-- SUPPLIED DATA --

***

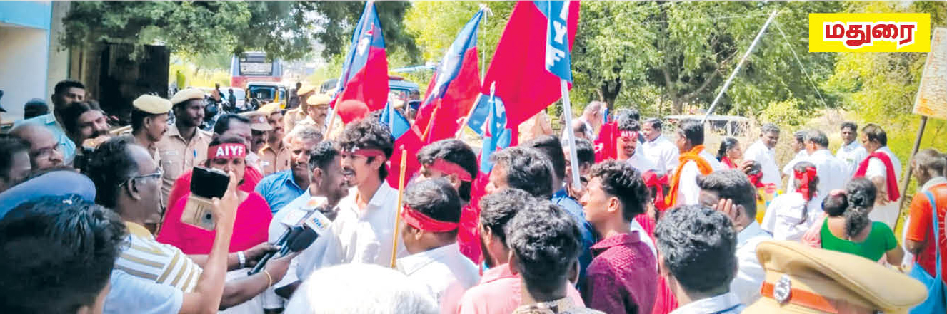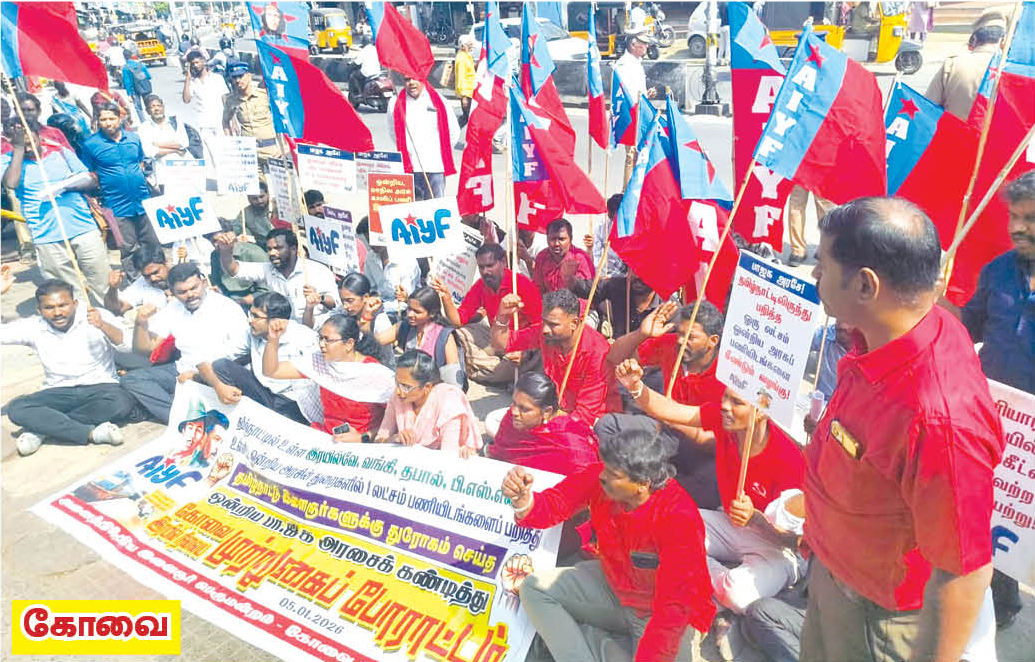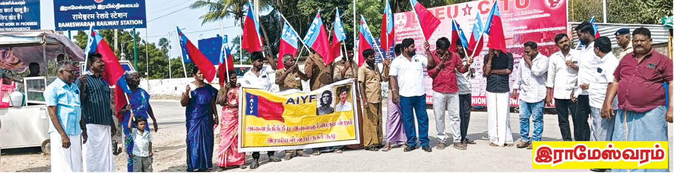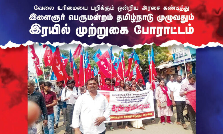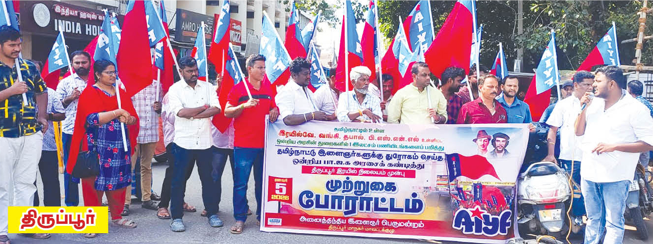 தமிழ்நாட்டில் உள்ள இரயில்வே, வங்கி, இன்சூரன்ஸ், பிஎஸ்என்எல் உள்ளிட்ட ஒன்றிய அரசு மற்றும் பொதுத்துறை நிறுவனங்களில் 1 லட்சம் இடங்களை பறித்து, தமிழ்நாட்டு இளைஞர்களுக்கு துரோகம் செய்யும் ஒன்றிய அரசை கண்டித்தும் தமிழ்நாட்டில் உள்ள ஒன்றிய அரசு மற்றும் பொதுத்துறை நிறுவனங்களில் தமிழ்நாட்டு இளைஞர்களுக்கு முன்னுரிமை வழங்க வலியுறுத்தியும், இரயில்வே, வங்கி, தனியார்துறையில் இடஒதுக்கீட்டை அமல்படுத்த சட்டம் நிறைவேற்று, பொத்துறை நிறுவனங்களை விற்காதே, ஒன்றிய மற்றும் மாநில அரசுக்காலிப் பணியிடங்களை உடனே நிரப்பு, முதலாளிக்கு ஆதரவான புதிய தொழிலாளர் சட்டங்களை திரும்பப்பெறு, ஒப்பந்த மற்றும் அவுட்சோர்சிங் முறையை ரத்து செய் என்பன உள்ளிட்ட கோரிக்கைகளை வலியுறுத்தி, தமிழ்நாடு முழுவதும் அனைத்திந்திய இளைஞர் பெருமன்றம் சார்பில், 5.1.2026 அன்று ரயில் நிலையங்களை முற்றுகையிடும் போராட்டம் நடைபெற்றது. இதில் பங்கேற்ற ஏராளமான இளைஞர்கள் கைது செய்யப்பட்டனர்.
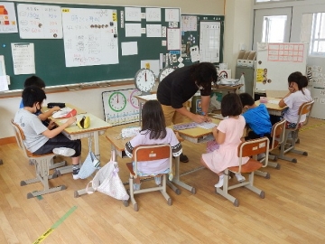 以前に習った時刻や時間の内容を復習していました。文章問題の内容によっては、日常生活の経験値などを要する場合もあります。子どもたちが前向きに取り組むので、授業者も大忙しのようでした。
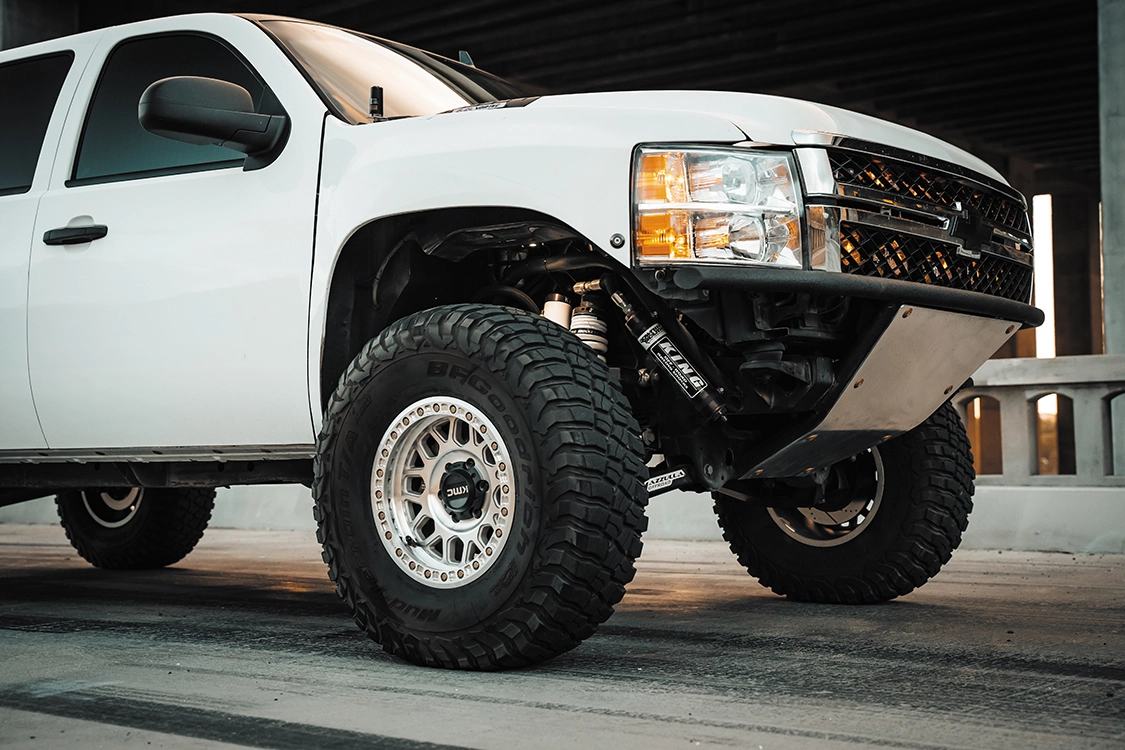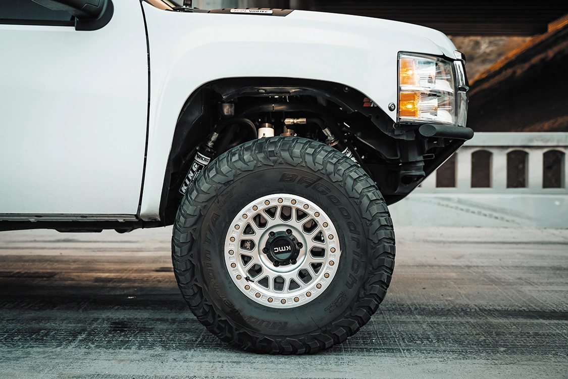 Wheels & Tires: Tires: BFGoodrich KM3 37-inch, Wheels: KMC Desert Grenade, 17-inch
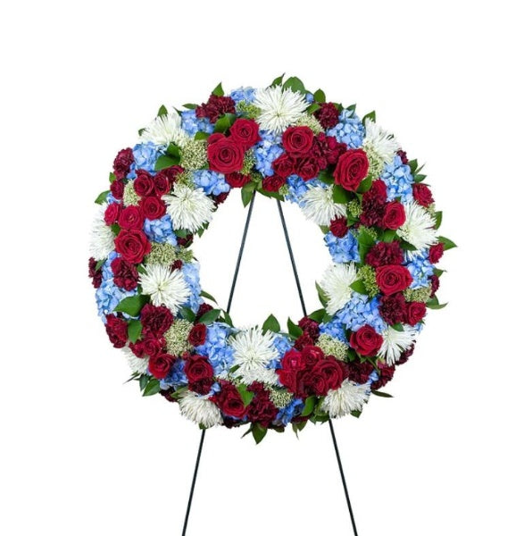 Red, Blue & True Wreath Standing Easel Spray

***

-- TASK INSTRUCTIONS --
Leave out the pictures and retype every line above exactly.

-- EXPECTED ANSWER --
 தமிழ்நாட்டில் உள்ள இரயில்வே, வங்கி, இன்சூரன்ஸ், பிஎஸ்என்எல் உள்ளிட்ட ஒன்றிய அரசு மற்றும் பொதுத்துறை நிறுவனங்களில் 1 லட்சம் இடங்களை பறித்து, தமிழ்நாட்டு இளைஞர்களுக்கு துரோகம் செய்யும் ஒன்றிய அரசை கண்டித்தும் தமிழ்நாட்டில் உள்ள ஒன்றிய அரசு மற்றும் பொதுத்துறை நிறுவனங்களில் தமிழ்நாட்டு இளைஞர்களுக்கு முன்னுரிமை வழங்க வலியுறுத்தியும், இரயில்வே, வங்கி, தனியார்துறையில் இடஒதுக்கீட்டை அமல்படுத்த சட்டம் நிறைவேற்று, பொத்துறை நிறுவனங்களை விற்காதே, ஒன்றிய மற்றும் மாநில அரசுக்காலிப் பணியிடங்களை உடனே நிரப்பு, முதலாளிக்கு ஆதரவான புதிய தொழிலாளர் சட்டங்களை திரும்பப்பெறு, ஒப்பந்த மற்றும் அவுட்சோர்சிங் முறையை ரத்து செய் என்பன உள்ளிட்ட கோரிக்கைகளை வலியுறுத்தி, தமிழ்நாடு முழுவதும் அனைத்திந்திய இளைஞர் பெருமன்றம் சார்பில், 5.1.2026 அன்று ரயில் நிலையங்களை முற்றுகையிடும் போராட்டம் நடைபெற்றது. இதில் பங்கேற்ற ஏராளமான இளைஞர்கள் கைது செய்யப்பட்டனர்.
 以前に習った時刻や時間の内容を復習していました。文章問題の内容によっては、日常生活の経験値などを要する場合もあります。子どもたちが前向きに取り組むので、授業者も大忙しのようでした。
 Wheels & Tires: Tires: BFGoodrich KM3 37-inch, Wheels: KMC Desert Grenade, 17-inch
 Red, Blue & True Wreath Standing Easel Spray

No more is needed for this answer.